System/Class Oscillation Origin Physical Observable(s)
Nanowire MBS (finite L) Overlap splitting Energy splitting, parity crossing, conductance, capacitance (Avila et al., 2020, Aksenov, 2022, Cao et al., 2018, Stanescu et al., 29 May 2025)
Qubit arrays, dots, drives Rabi/LZS/Floquet interference Population, capacitance, microwave emission (Wang et al., 2016, Pan et al., 2024, Wang et al., 2014, Sau et al., 2024)
Chiral/edge Majoranas (QAH) Interference, phase accumulation Conductance oscillations, shot noise (Osca et al., 2018, Lian et al., 2015, Li et al., 2018, Mesaros et al., 2010)
Quasiperiodic/lattice chains Topological (Chern/invariant) Spatial oscillation period, edge-state profile (Satija, 2017, Ortiz et al., 2017)
Quantum-walk/ring/ion-trap Floquet/topological, field-induced Two-level (Rabi) oscillations, qubit manipulation (Yu et al., 2016, Yu et al., 2018)
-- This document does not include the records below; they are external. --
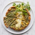When you’re hosting a springtime brunch, a frittata always fits the bill. It’s quick to prepare, takes well to endless variations and tastes equally delicious warm or at room temperature, making it ideal for a buffet. Ours is filled with fresh asparagus and green onions plus goat cheese that becomes irresistibly creamy when cooked.
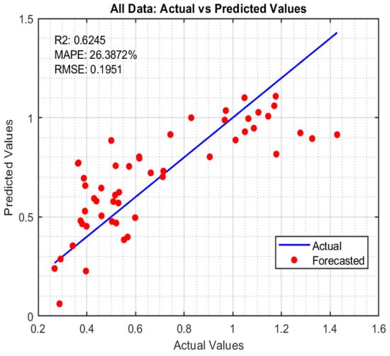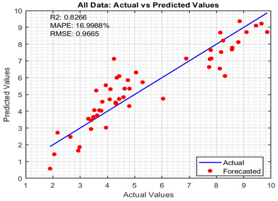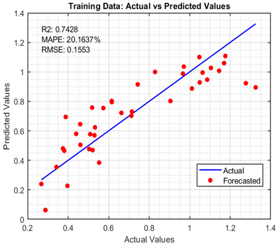 The phenomenon in ATIG welding is very complex. However, as the manuscript states, the two mechanisms are responsible for increasing depth penetration at the expense of the weld width. Experiments conclude that the depth of penetration is affected by the amount of oxygen content during welding, as it favors the influence of inverse Marangoni convection and the arc constriction. Increasing current intensity increases the heat supplied to the workpiece; it allows the release of oxygen, which will play its role as a surfactant element. The thermal properties, such as the oxide’s enthalpy energy and the oxide’s melting point, are crucial for the amount of oxygen liberated. For instance, the oxides that have a melting temperature close to that of the workpiece to be welded significantly affect the shape and the morphology of the weld bead. Oxides with a surface tension greater than 500 mN/m poorly wet the weld pool metal, which contributes to a decrease in the width of the bead and have insufficient effective participation in the weld pool metal melt. Oxides with a surface tension below 260 mN/m are characterized by low melting and boiling temperatures, decompose during welding, and saturate the welding arc with gaseous products of the oxide flux (oxygen anions and metal cations). This contributes to some reduction in the effectiveness of the action of oxide fluxes on the morphology of welded seams and the occurrence of mechanisms of action of fluxes associated with physical processes occurring in the welding arc. Owing to the complexity of the phenomena that occurred during a welding operation, we remark a slight variability in the aspect ratio results. This is observable when the whole dataset is used (52 samples). Based on the obtained results, the nonlinear exponential model will be adopted in what follows, and further analysis based on that model will be performed. The scatter plots of the depth (D) modeling are provided in Figure 9, Figure 10 and Figure 11 for the training, validation, and all datasets.
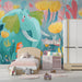 Magical Forest Elephant Illustration Mural Wallpaper | Pastel Hues, Oversized Flora, Ethereal Kids' Art
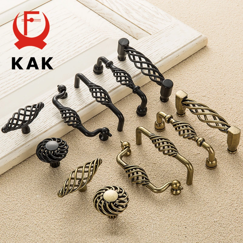 KAK Vintage Antique Bronze armoire poignées évider cage à oiseaux armoire tire tiroir boutons armoire porte extracteurs meubles poignée
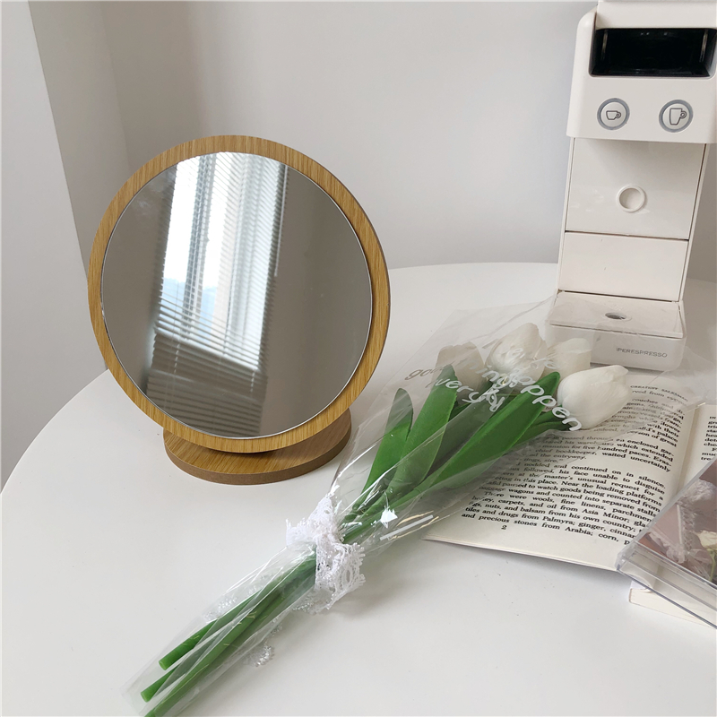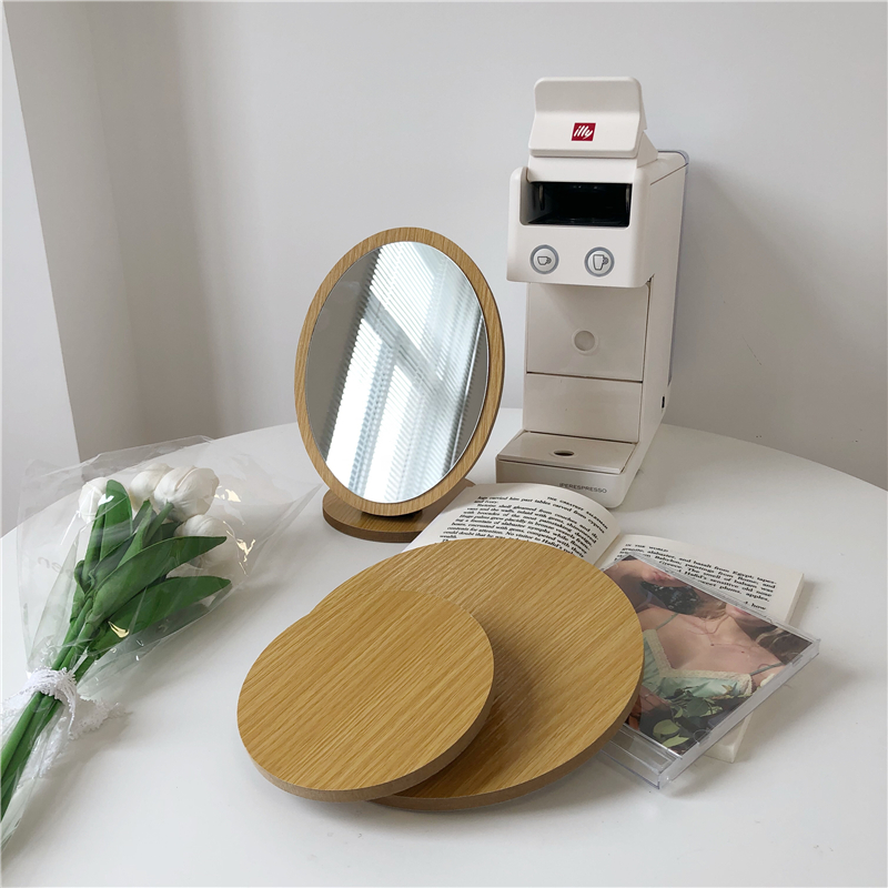スタンドミラー鏡ミラーデザイン雑貨インテリアおしゃれかわいい可愛い卓上丸上大きい 韓国韓国雑貨木化粧鏡卓上鏡コンパクト円アンティークレトロナチュラル円形楕円形ミラー
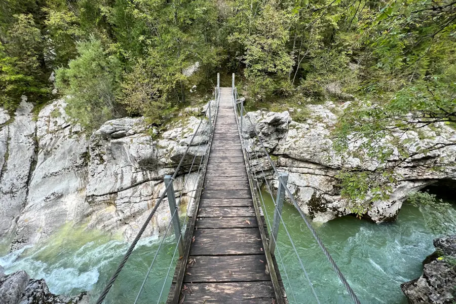 In the morning, your hike follows the Soča Trail, with the emerald-green river flowing beside you. The path winds through forests and open meadows, crossing the Kršovec Gorge via a suspension bridge. Approaching Bovec, the trail passes the confluence of the Soča and Koritnica rivers. You enter Bovec, a lively town surrounded by rugged peaks.

Kondo insulators/Spin Liquids Landau quantization/strain-induced dHvA-type oscillations, specific heat, magnetization (Baskaran, 2015, Yokoyama et al., 14 Dec 2025)

Majorana quantum oscillations represent a diverse and technically rich set of interference and hybridization effects in topological and non-topological systems. Their identification, manipulation, and application rely on precise experimental control and comprehensive multi-modal validation of the underlying Majorana character.